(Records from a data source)

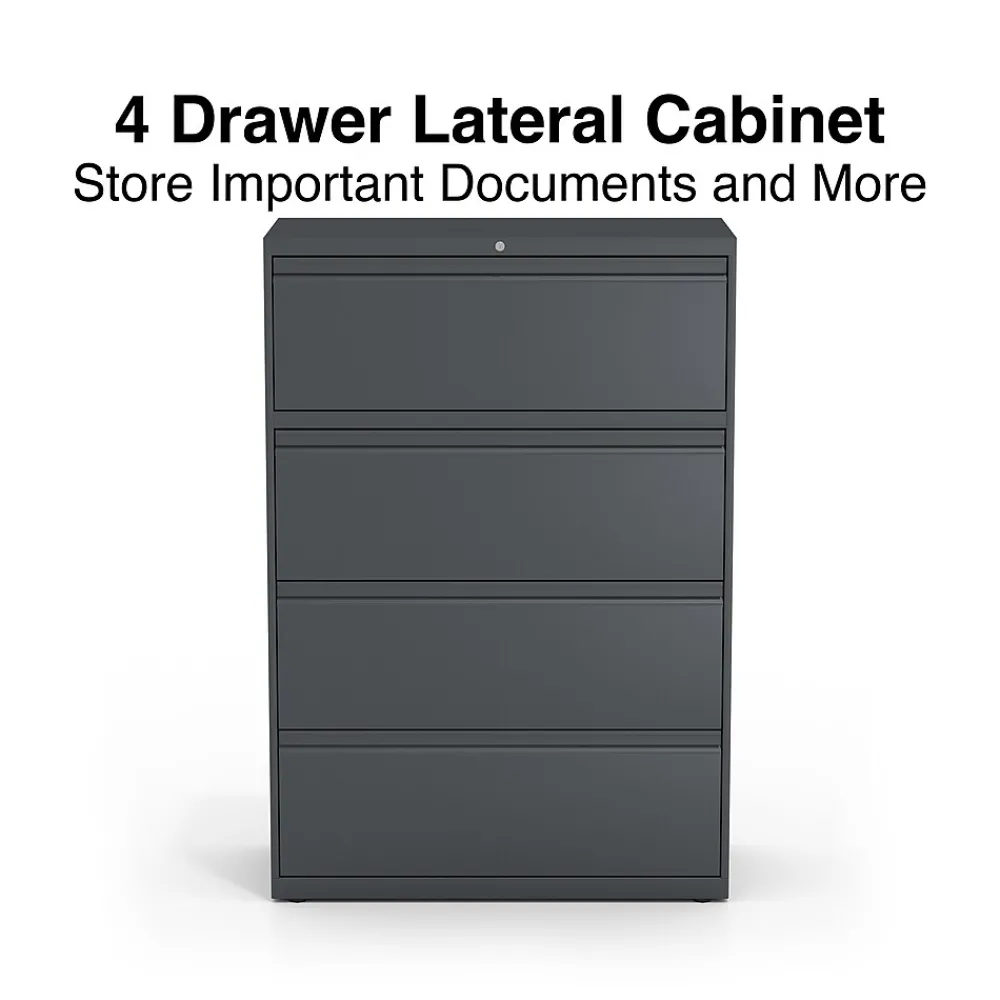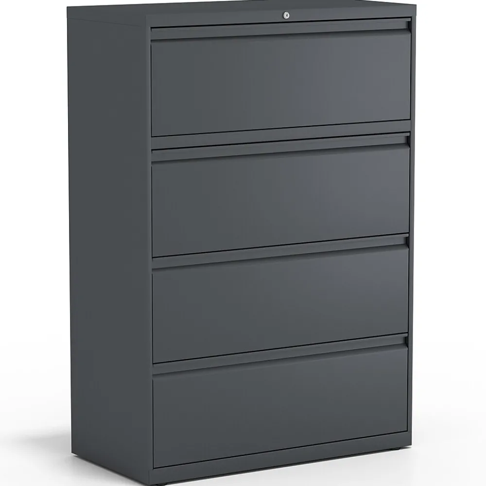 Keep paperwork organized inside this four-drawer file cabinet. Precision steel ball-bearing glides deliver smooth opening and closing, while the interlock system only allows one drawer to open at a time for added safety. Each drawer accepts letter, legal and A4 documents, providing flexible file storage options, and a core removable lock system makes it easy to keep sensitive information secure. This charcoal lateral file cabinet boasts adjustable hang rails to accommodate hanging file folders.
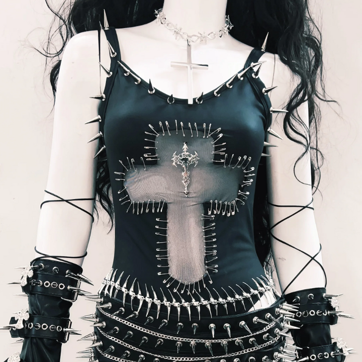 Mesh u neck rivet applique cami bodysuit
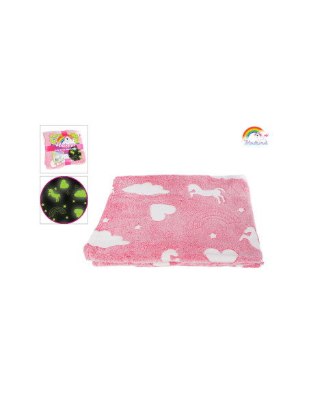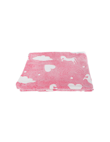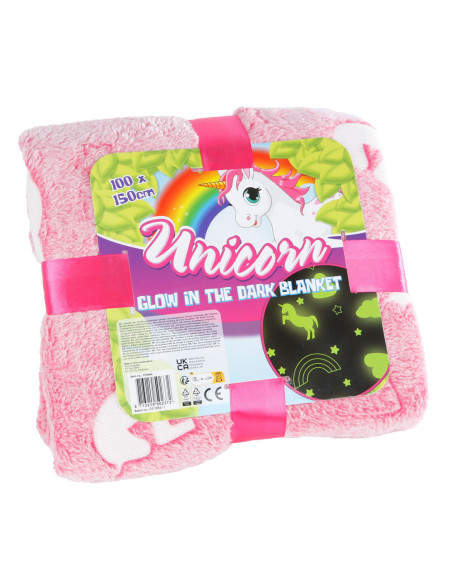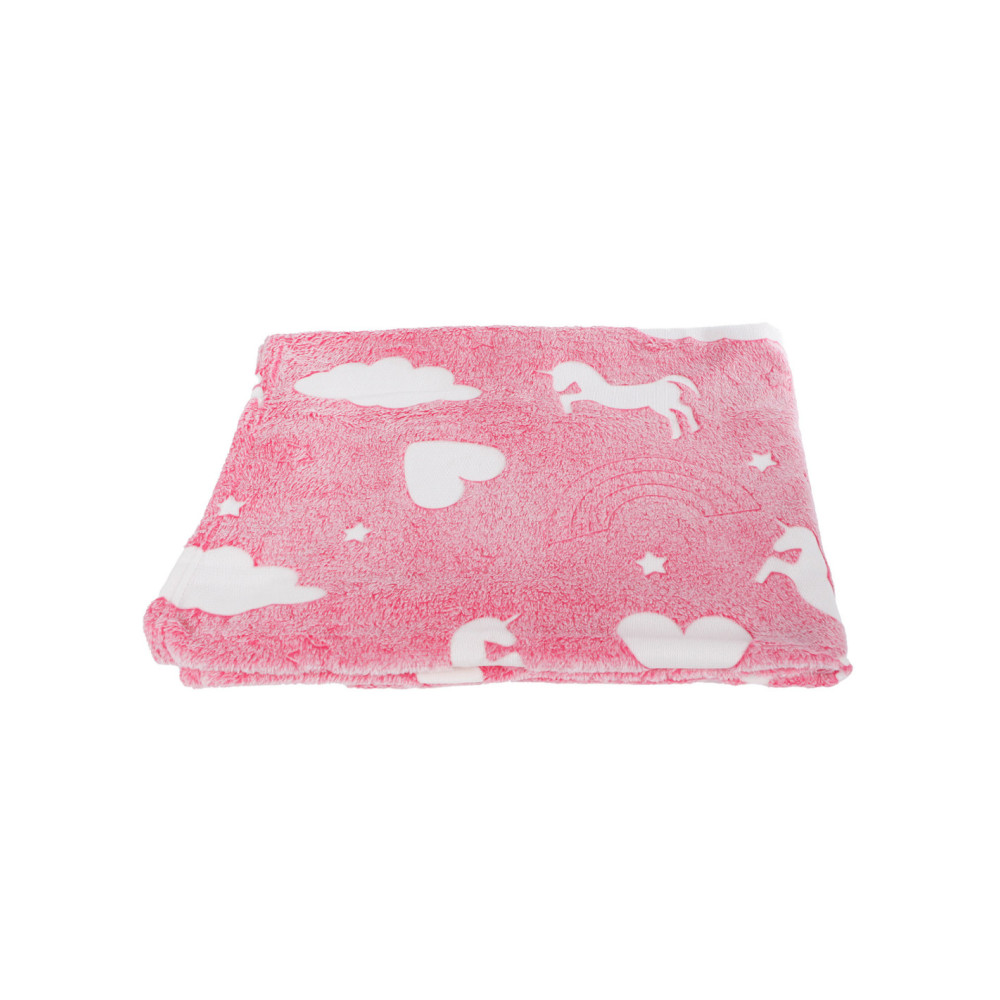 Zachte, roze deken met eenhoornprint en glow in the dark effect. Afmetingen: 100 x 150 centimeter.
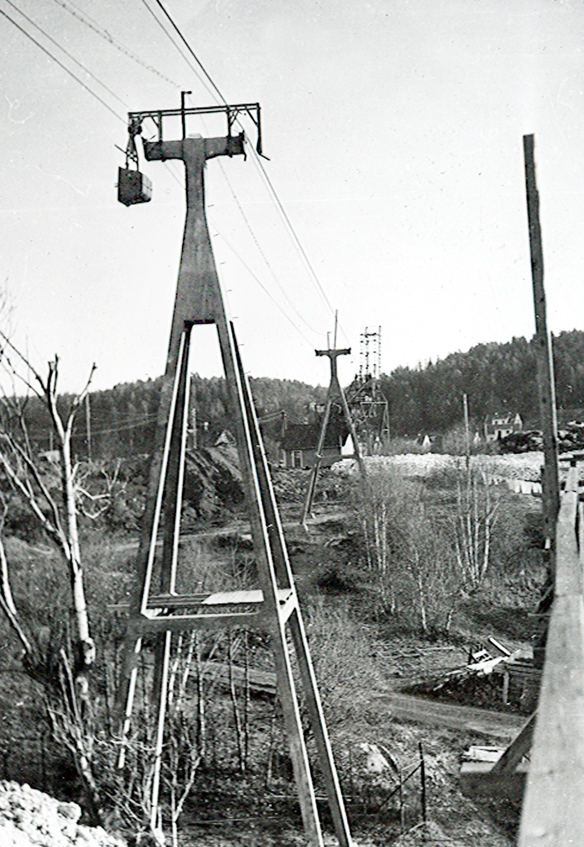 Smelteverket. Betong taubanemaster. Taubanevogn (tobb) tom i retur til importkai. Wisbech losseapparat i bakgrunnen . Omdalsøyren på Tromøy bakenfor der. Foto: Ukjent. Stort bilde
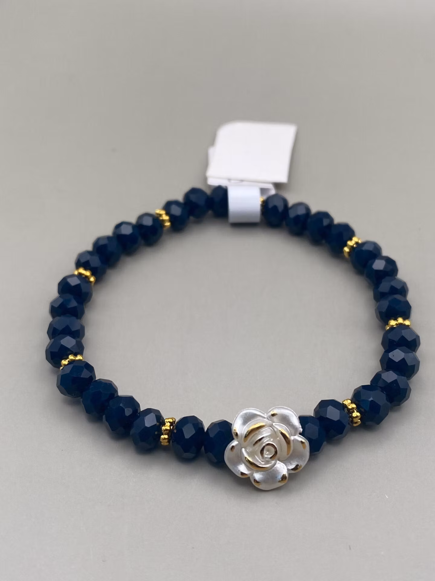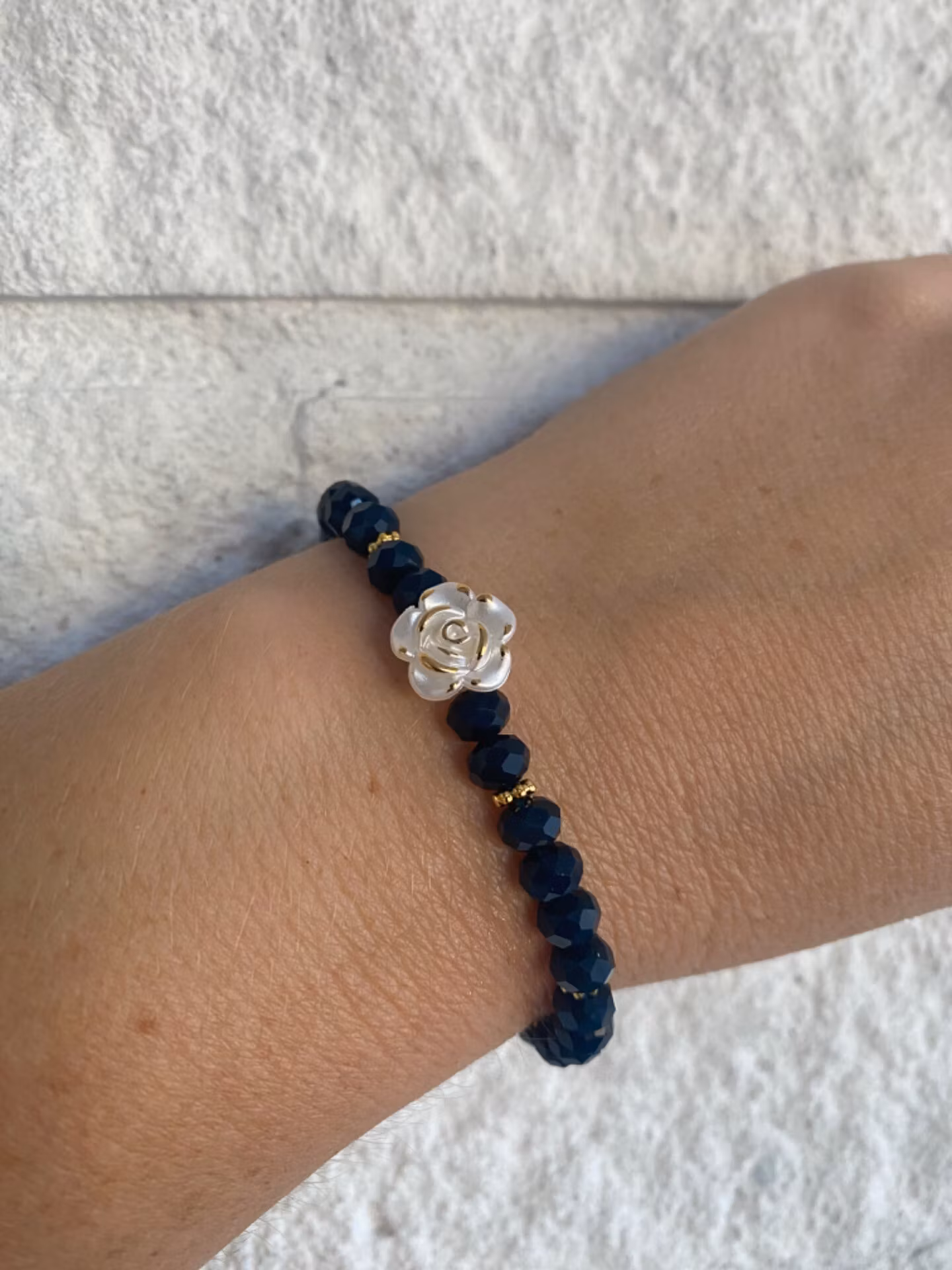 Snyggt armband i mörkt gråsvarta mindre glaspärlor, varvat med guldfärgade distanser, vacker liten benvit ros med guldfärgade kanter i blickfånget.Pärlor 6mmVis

* [WHAT YOU ARE ASKED TO DO]: Print all entries exactly. The images do not belong in the copy.

* [RESULT FOR THIS EXERCISE]:
 Keep paperwork organized inside this four-drawer file cabinet. Precision steel ball-bearing glides deliver smooth opening and closing, while the interlock system only allows one drawer to open at a time for added safety. Each drawer accepts letter, legal and A4 documents, providing flexible file storage options, and a core removable lock system makes it easy to keep sensitive information secure. This charcoal lateral file cabinet boasts adjustable hang rails to accommodate hanging file folders.
 Mesh u neck rivet applique cami bodysuit
 Zachte, roze deken met eenhoornprint en glow in the dark effect. Afmetingen: 100 x 150 centimeter.
 Smelteverket. Betong taubanemaster. Taubanevogn (tobb) tom i retur til importkai. Wisbech losseapparat i bakgrunnen . Omdalsøyren på Tromøy bakenfor der. Foto: Ukjent. Stort bilde
 Snyggt armband i mörkt gråsvarta mindre glaspärlor, varvat med guldfärgade distanser, vacker liten benvit ros med guldfärgade kanter i blickfånget.Pärlor 6mmVis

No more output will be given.